Forget S, M, L. Every robot that rolls off the same production line is dimensionally identical. That means robot garment sizing is about platform templates, not size ranges. I've spent three years building those templates, and this guide walks through how the whole system works.
I remember the first time someone asked me for a "medium" for their Tesla Optimus. It was a hotel chain, and the operations manager had spent twenty years ordering staff uniforms. To him, clothing meant picking a size from a dropdown. Fair enough. But robot clothing sizing does not work that way, and understanding why saves a lot of confusion down the line.
Human sizing exists because human bodies vary wildly. Two people who are both 180cm tall might differ by 15cm in shoulder width. The whole S/M/L system, and all its numbered variants, is a statistical compromise. You are picking the bell-curve bucket that is closest to your actual body, then hoping the drape and stretch handle the rest.

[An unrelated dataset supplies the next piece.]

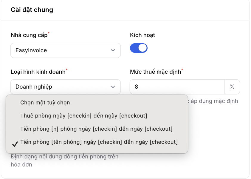 Tại mục Cài đặt của Hoá đơn điện tử, bạn chọn mục "Mô tả tiền phòng". Hiện tại GoHost hỗ trợ 3 mẫu tiền phòng như ảnh dưới. Bạn có thể tuỳ chọn để phù hợp với nhu cầu sử dụng.

Robots do not have this problem. Every Tesla Optimus that comes off the line in Fremont has a 44cm shoulder width. Not approximately. Exactly. The chest circumference is 98cm on every single unit. There is no bell curve because there is no biological variation. This fact changes everything about how you approach robot garment sizing.
Once a garment pattern is built and verified on one unit of a given platform, it fits every unit of that platform with zero alteration. The engineering cost is front-loaded into pattern development. But the per-unit cost of sizing errors drops to literally zero. I have shipped thousands of garments to fleet operators who never had to return a single piece for fit issues. Try that with human uniforms.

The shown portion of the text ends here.